▶ **Your goal**
What you return must be the lines from the first one below through the one containing "此外,CUPSHE还会通过各", exactly and with pictures excluded.

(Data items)
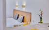 The rooms feature wooden furniture and equipped with a refrigerator, a telephone and a desk. They include a private bathroom with shower.
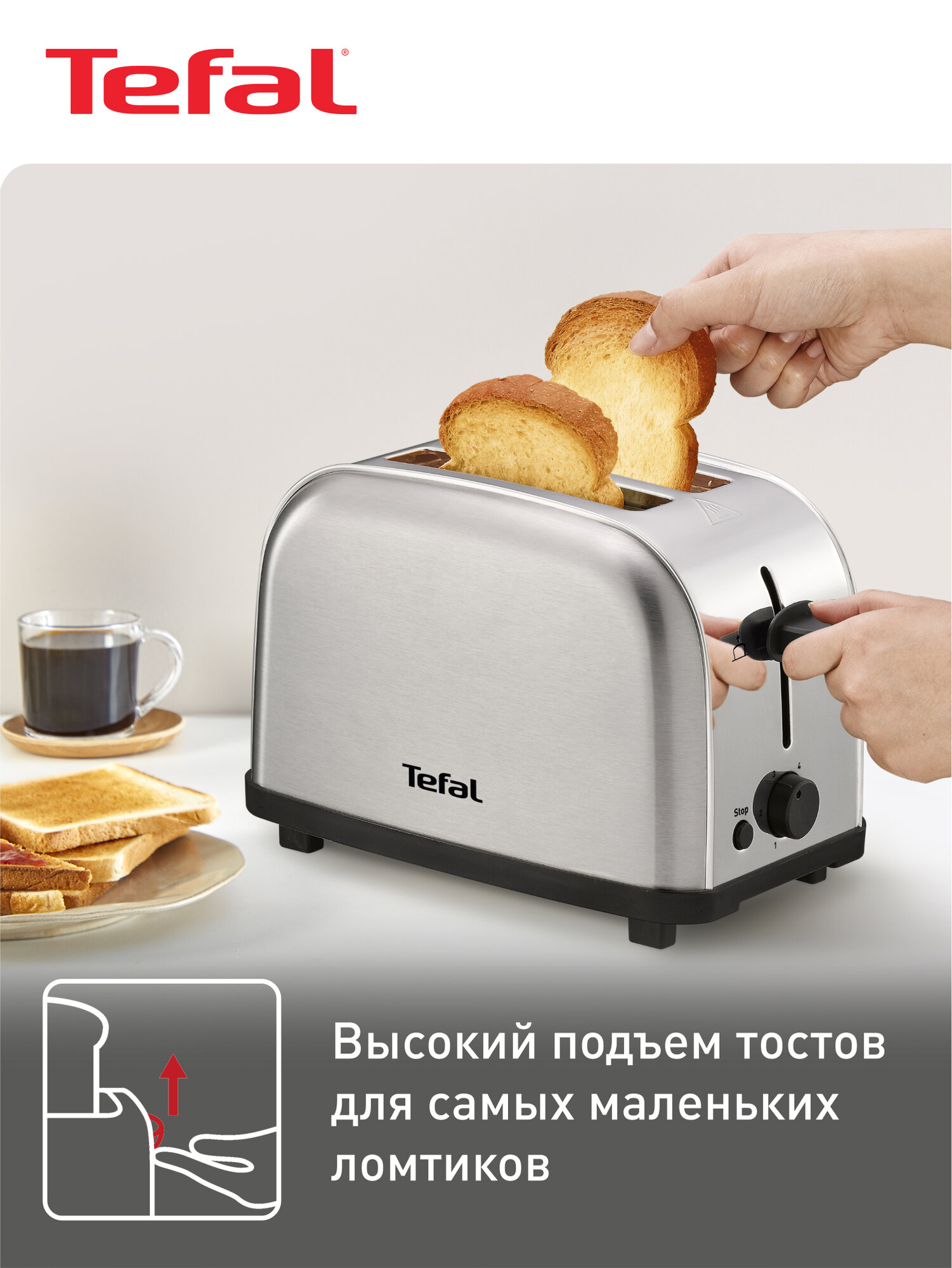 10 цен на Тостер Tefal TT330D30 с 6 уровнями прожарки, функцией остановки, высоким подъемом, 700 Вт, серебристый
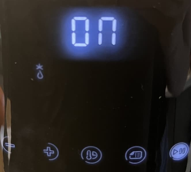 После включения прибора в розетку мы слышим звуковой сигнал, а на дисплее тем временем загораются множество символов, часть из которых через несколько секунд гаснут. Остается только подсветка кнопки включения.
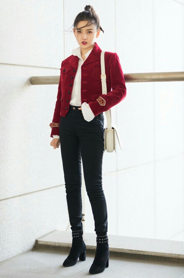 一位上身红色外套里面白色衬衣下身黑色紧身长裤,脚上黑色短靴
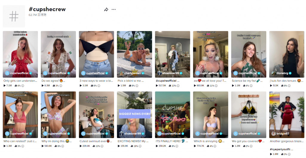 此外,CUPSHE还会通过各种标签挑战赛打造时尚事件。比如CUPSHE曾在TikTok上发起过话题为#CUPSHEcrew的主题品牌标签挑战赛,通过KOL带头吸引一般用户跟随发帖,成功在TikTok上狠狠收获了一波流量,大大提高了品牌曝光度。
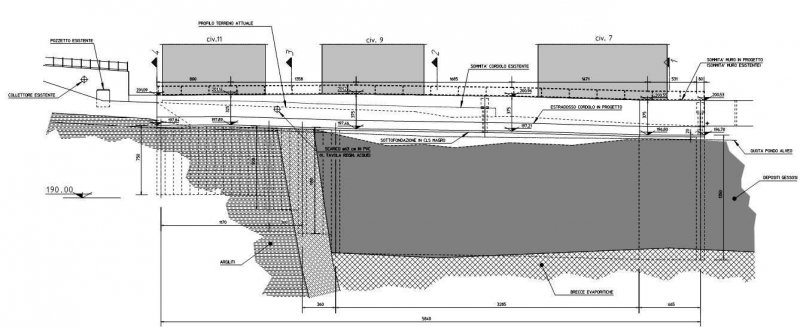 Esta situación de amenaza se generaba por una condición geológica y ambiental muy particular; el terreno de fundación de los edificios en el entorno de la obra estaba caracterizado por la presencia de un estrato de material de relleno y/o sedimentario, compuesto por yeso y que en el pasado fue objeto de extracción en el subterráneo. La cavidad ha sido cultivada mediante una serie de pozos y de corredores subterráneos que atraviesan incluso el lecho del río torrentoso.
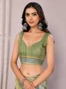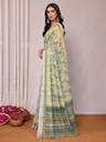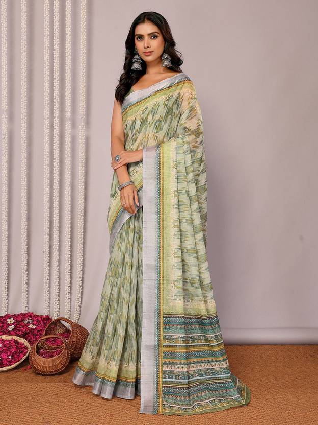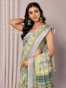 This elegant green saree features a delicate abstract print that radiates timeless beauty. The abstract print adds a contrasting touch of warmth, elevating its aesthetic appeal. Made from linen cotton fabric, this saree drapes effortlessly, offering both style and comfort. Perfect for festive occasions or intimate gatherings, itโs a versatile piece that reflects craftsmanship and tradition. Pair it with the matching blouse for a complete, refined look.
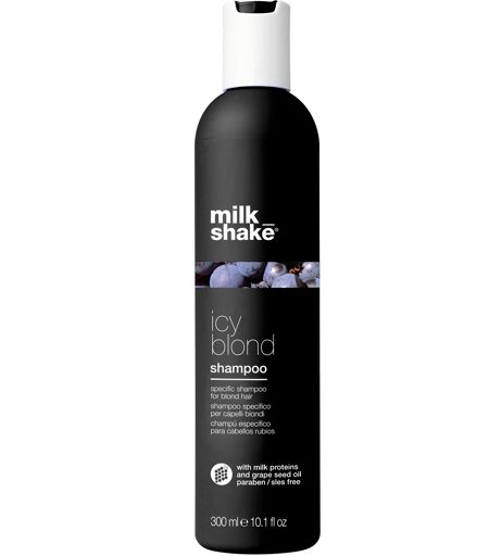 Specifik shampoo til blond hår. Renser håret blidt med et specifikt sort pigment, der modvirker gule eller orange toner i blondt eller lysnet hår, hvilket giver asketoner. Info: milk_shake icy blond produkter ...
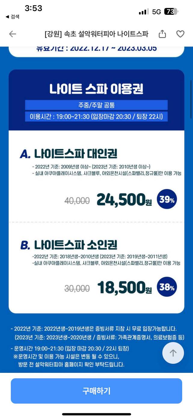 참고로 나이트스파는 올해 3월 5일까지 운영하니 운영기간이 얼마 남지 않았다.
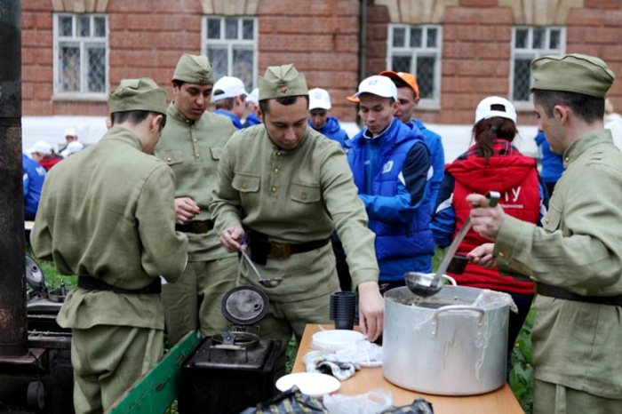 В это время для гостей и приглашенных на Университетской площади Елабужского института КФУ развернулся настоящий праздник: с хореографическими и вокальными номерами выступали творческие коллективы вуза, а в саду у института расположилась полевая кухня, здесь готовили угощение для гостей праздника – солдатскую кашу.
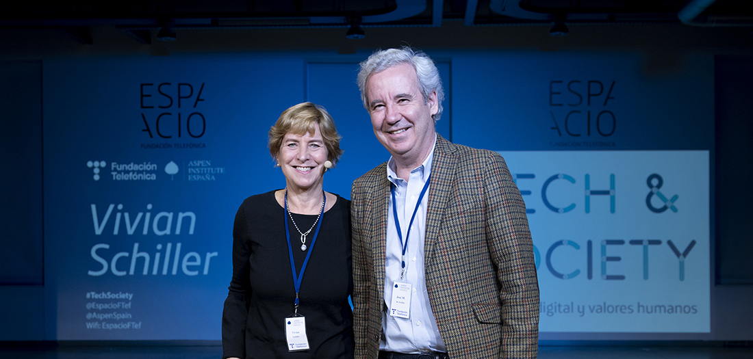 Acogemos en nuestro auditorio la tercera sesión presencial del ciclo Tech & Society 2021, coorganizado con Aspen Institute España, y que ha tenido como invitada principal a Vivian Schiller, Directora Ejecutiva de Aspen Digital, en un encuentro con José María de Areilza, Secretario General de Aspen Institute España.
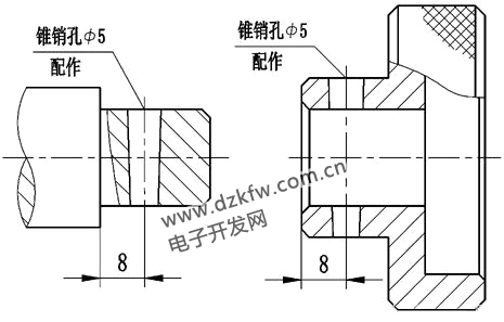 兩零件用銷聯(lián)接,銷孔在裝配時(shí)才加工,所以在零件圖上除注出銷孔的定形和定位尺寸以外,還必須注明"配作"兩字。
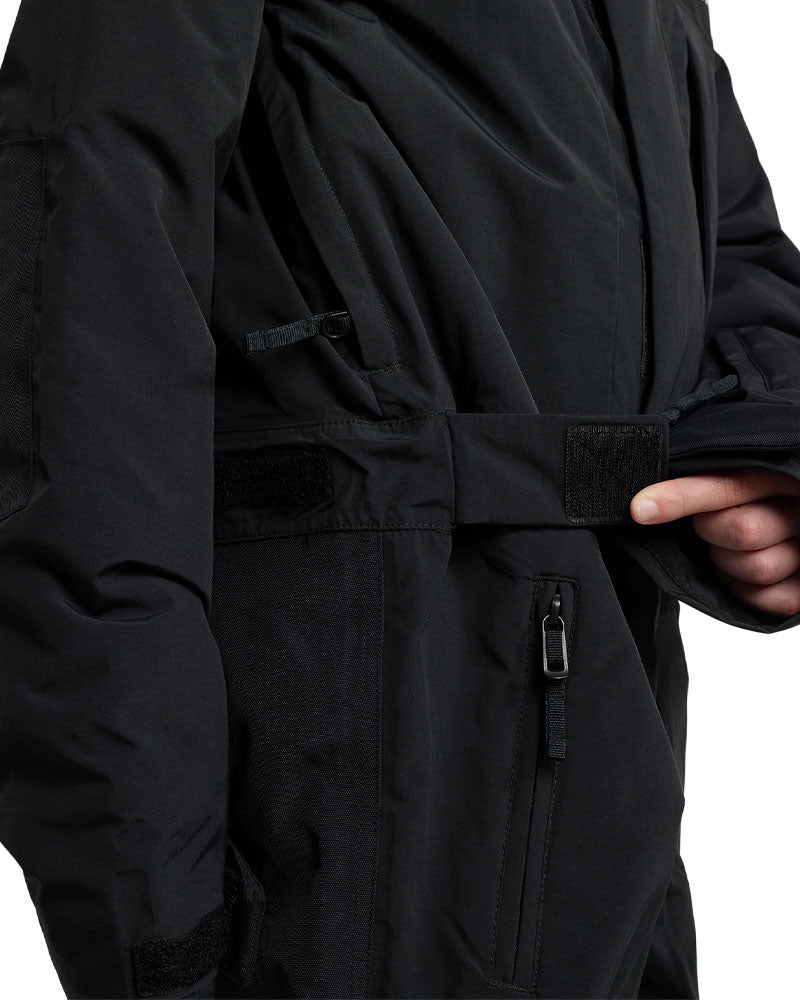 Two-layer DRYRIDE fabric with fully taped seams and a PFC-free DWR is waterproof, breathable, and quick to dry. -
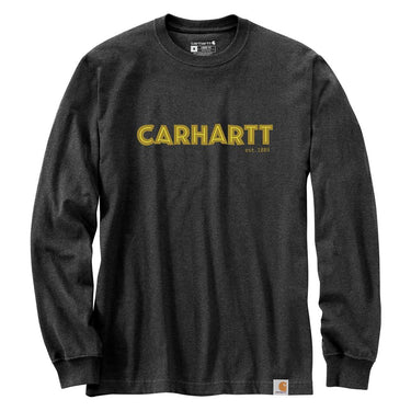 A dependable tee for work days and weekends, this men's long-sleeve t-shirt features Carhartt graphics across the chest. The heavyweight, cotton-blend jersey fabric is soft and durable. The generous, loose fit gives you plenty of room to move.
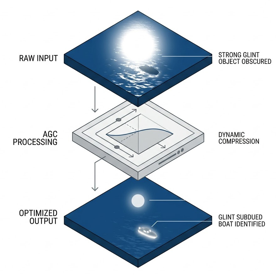 海洋環境對光學與紅外線設備的干擾不僅來自溫度,還來自複雜的光源反射,Quest2 模組負責模擬這些感測器硬體極限,當夜間海浪反射月光,或是遠處港口的城市光暈(City Glow)進入鏡頭時,Quest2 會模擬紅外線感測器的高動態範圍(HDR)運作,並觸發 自動增益控制(AGC, Automatic Gain Control。若月光反射過於強烈,AGC 會自動調暗整體畫面以防止過曝,這可能導致原本微弱的目標熱源暫時消失,Quest2 同時支援隨機雜訊、固定雜訊與閃爍(Scintillation)效果的注入,訓練操作員在這些動態干擾下,手動介入調整亮度與對比度(Level and Gain),以維持目標的清晰度。
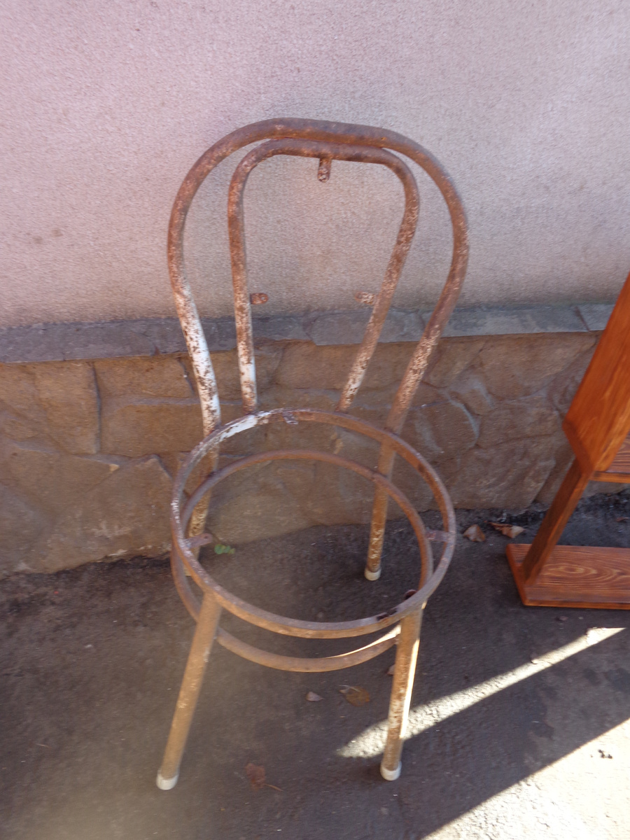 В один день, проходя утром я, увидела его. Он стаял так сиротливо, казалось, что это полный мусор, а с другой стороны я увидела вызов. Получится ли дать ему вторую жизнь или нет. И я решилась, пробуем… Этапы спасения: 1. Чистим от ржавчины и шлифуем 2. Самое не простое. Места, где метал, проела ржавчина, замазываем холодной сваркой. 3. Протираем ацетоном для того что бы краска лучше прилипла к металлу. 4. Окрашиваем. Мой выбор пал на краску по металлу, цвет «шоколад» сверху губкой добавляем акриловую краску цвет «золото». 5. Беремся за спинку и сидение. Сидение мы немного схитрим и покупаем готовую столешницу диаметром 38см. С широкой доски и такой же толщины 2,8см. доски вырезаем спинку. И закругляем ее и шлифуем шлифовальной машинкой. В моем случае это "пролежавшая" доска. Поэтому цвет ее темнее. Чтобы выровнять по цвету пришлось сильно затемнить обжигом сидушку. 6. Спинку и сидение декорируем. Декоративным обжигом, бок красим в золотой цвет. Легко шлифуем наждачной, где
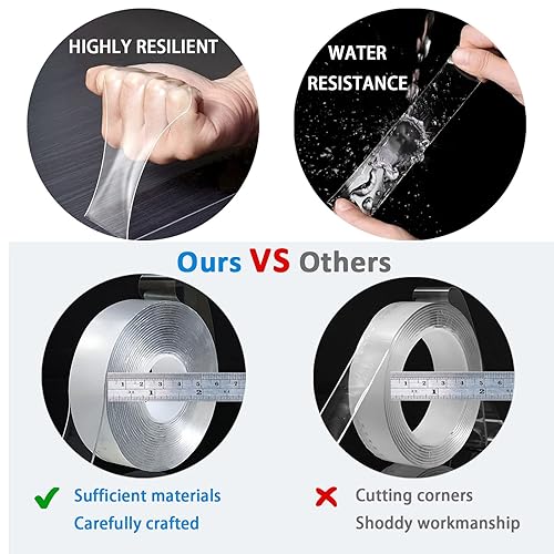 4 Rotoli Nastro Biadesivo Extra Forte Nano Nastro Biadesivo Rimovibile Multifunzione Trasparente Biadesivo Non Lascia Tracce Nastro Adesivo di Montaggio Per Foto Poster Tappeti Muro Casa (12m)
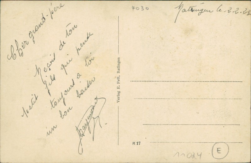 Alte Ansichtskarte aus Ratingen, beschrieben am 02.02.1923.
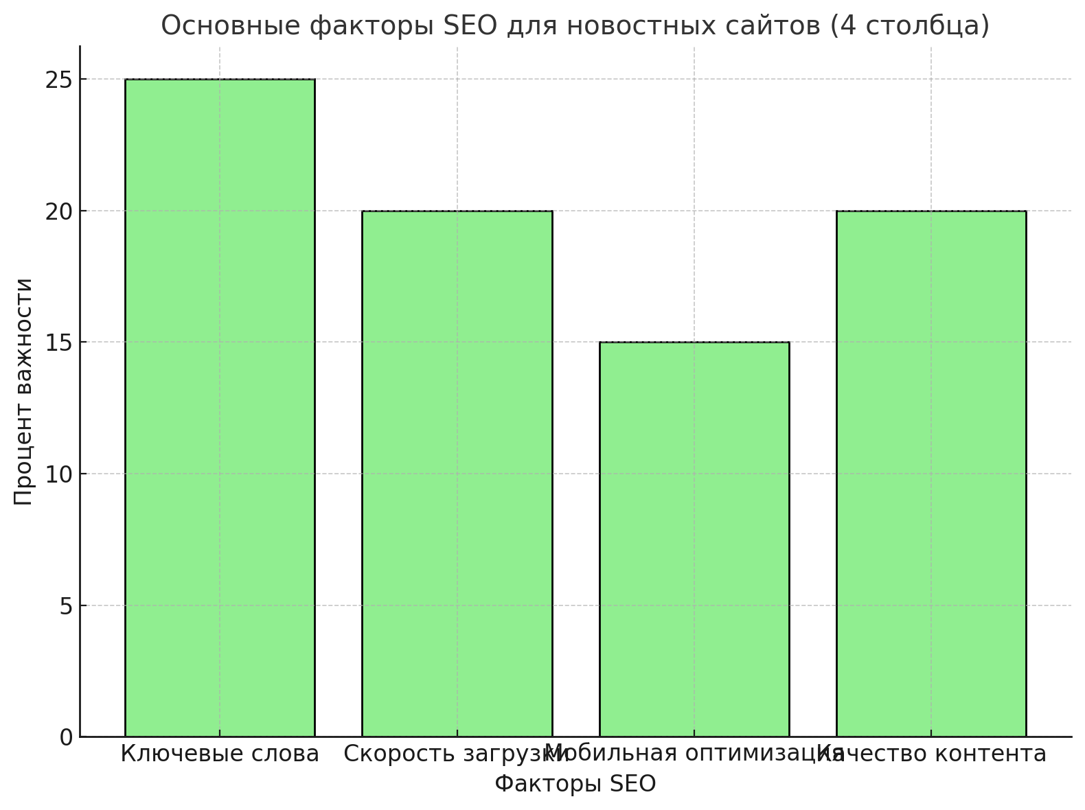 Вот диаграмма о факторах SEO-продвижения новостных сайтов.

▶ **Result of the task**
 The rooms feature wooden furniture and equipped with a refrigerator, a telephone and a desk. They include a private bathroom with shower.
 10 цен на Тостер Tefal TT330D30 с 6 уровнями прожарки, функцией остановки, высоким подъемом, 700 Вт, серебристый
 После включения прибора в розетку мы слышим звуковой сигнал, а на дисплее тем временем загораются множество символов, часть из которых через несколько секунд гаснут. Остается только подсветка кнопки включения.
 一位上身红色外套里面白色衬衣下身黑色紧身长裤,脚上黑色短靴
 此外,CUPSHE还会通过各种标签挑战赛打造时尚事件。比如CUPSHE曾在TikTok上发起过话题为#CUPSHEcrew的主题品牌标签挑战赛,通过KOL带头吸引一般用户跟随发帖,成功在TikTok上狠狠收获了一波流量,大大提高了品牌曝光度。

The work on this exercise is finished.